*** LISTED ENTRIES ***

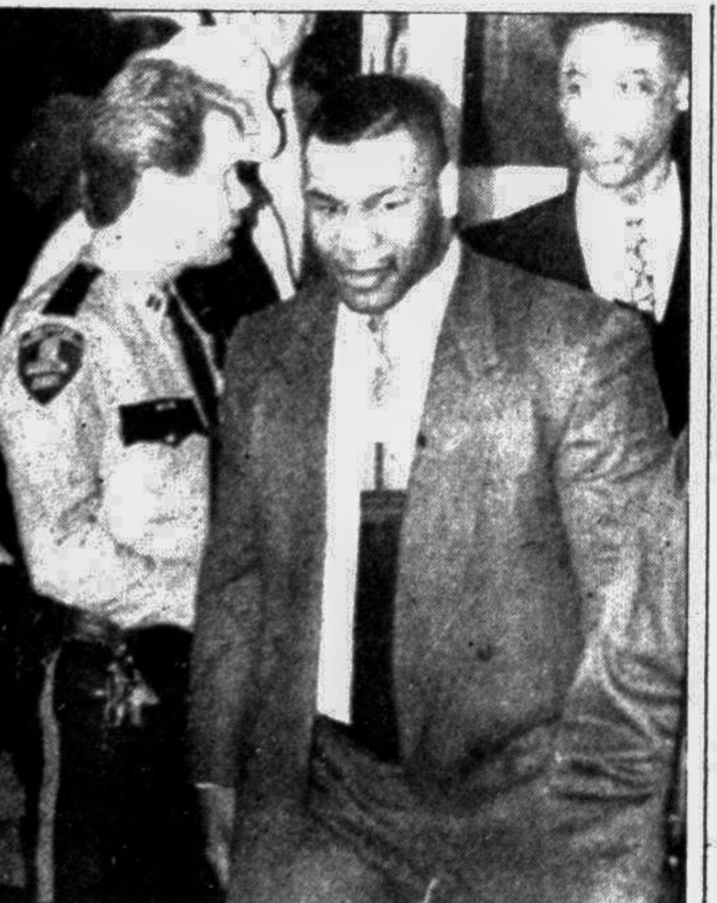
Former heavyweight champion Mike Tyson walking into the courthouse for sentencing in Indianapolis on March 26. Tyson was found guilty of raping a beauty queen and was sentenced to six years in prison.
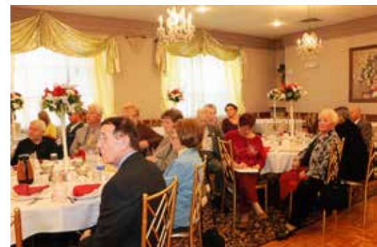
District 12 Convention 10-23-2016
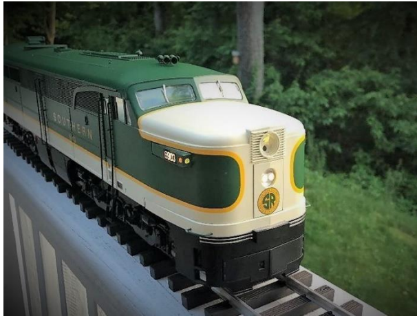
The new head lights and Mars light
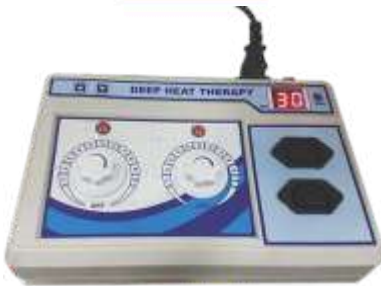
Deep Heat Therapy
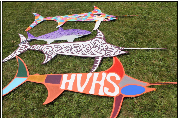
Anglophone South School District hand-painted over 250 fish that will hang from the rafters in the City Market until late 2013, after which time they will be auctioned off to support the Harbour Lights Campaign. HVHS has four fish on display - these were painted by Kylie Fox, Katie Shave & Kerrie Doucette.
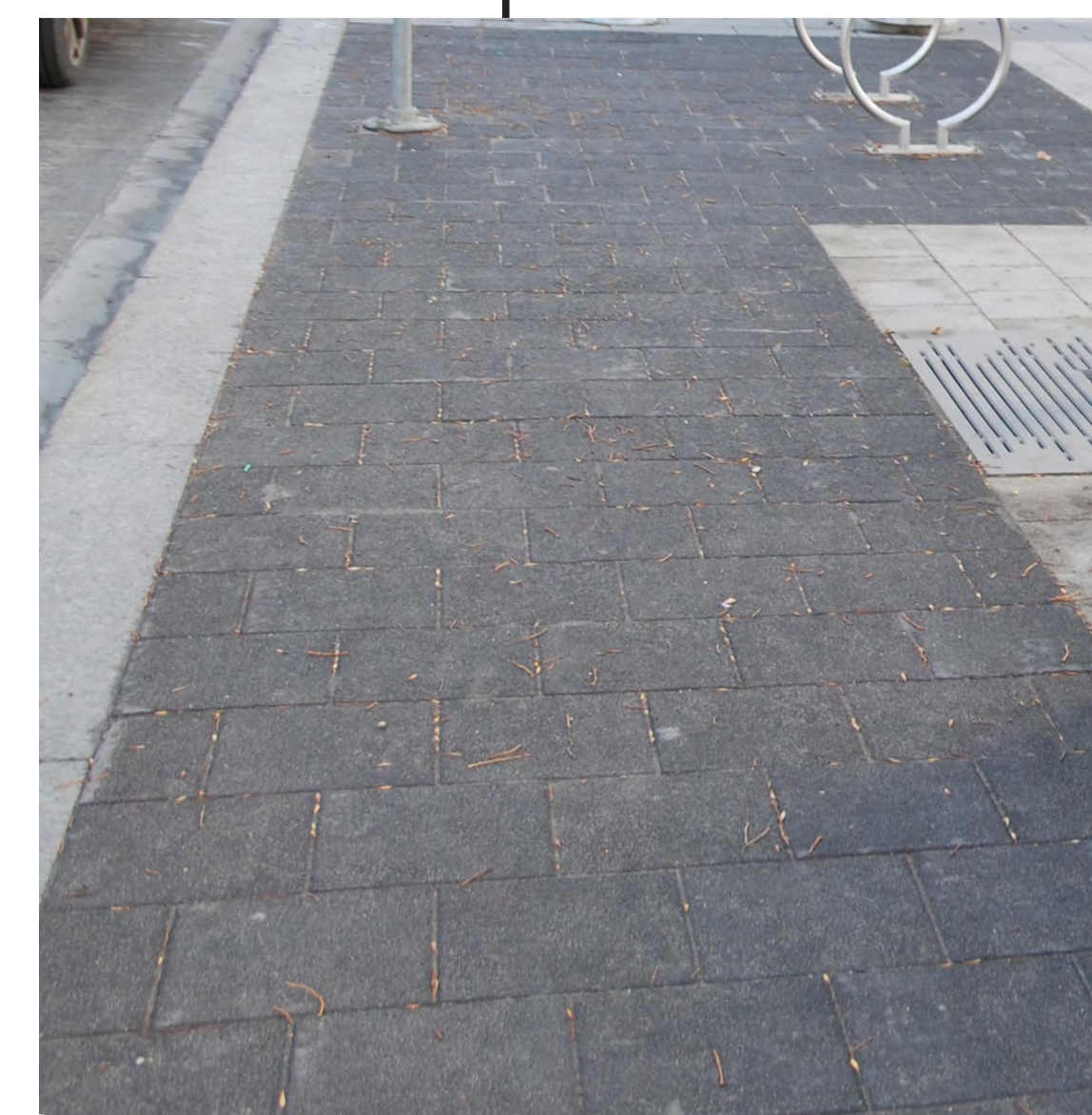
High-Contrast Furnishing Zone Surface Contrasting colour of paving in furnishing zone improves wayfinding and clarity for the visually impaired. Intent it to use dark colour concrete paving stones, similar to Jasper Avenue New Vision.

*** End of LISTED ENTRIES ***

WORK TO BE COMPLETED:
Reproduce every record above word for word. Leave the pictures out.

RESULT:
Former heavyweight champion Mike Tyson walking into the courthouse for sentencing in Indianapolis on March 26. Tyson was found guilty of raping a beauty queen and was sentenced to six years in prison.
District 12 Convention 10-23-2016
The new head lights and Mars light
Deep Heat Therapy
Anglophone South School District hand-painted over 250 fish that will hang from the rafters in the City Market until late 2013, after which time they will be auctioned off to support the Harbour Lights Campaign. HVHS has four fish on display - these were painted by Kylie Fox, Katie Shave & Kerrie Doucette.
High-Contrast Furnishing Zone Surface Contrasting colour of paving in furnishing zone improves wayfinding and clarity for the visually impaired. Intent it to use dark colour concrete paving stones, similar to Jasper Avenue New Vision.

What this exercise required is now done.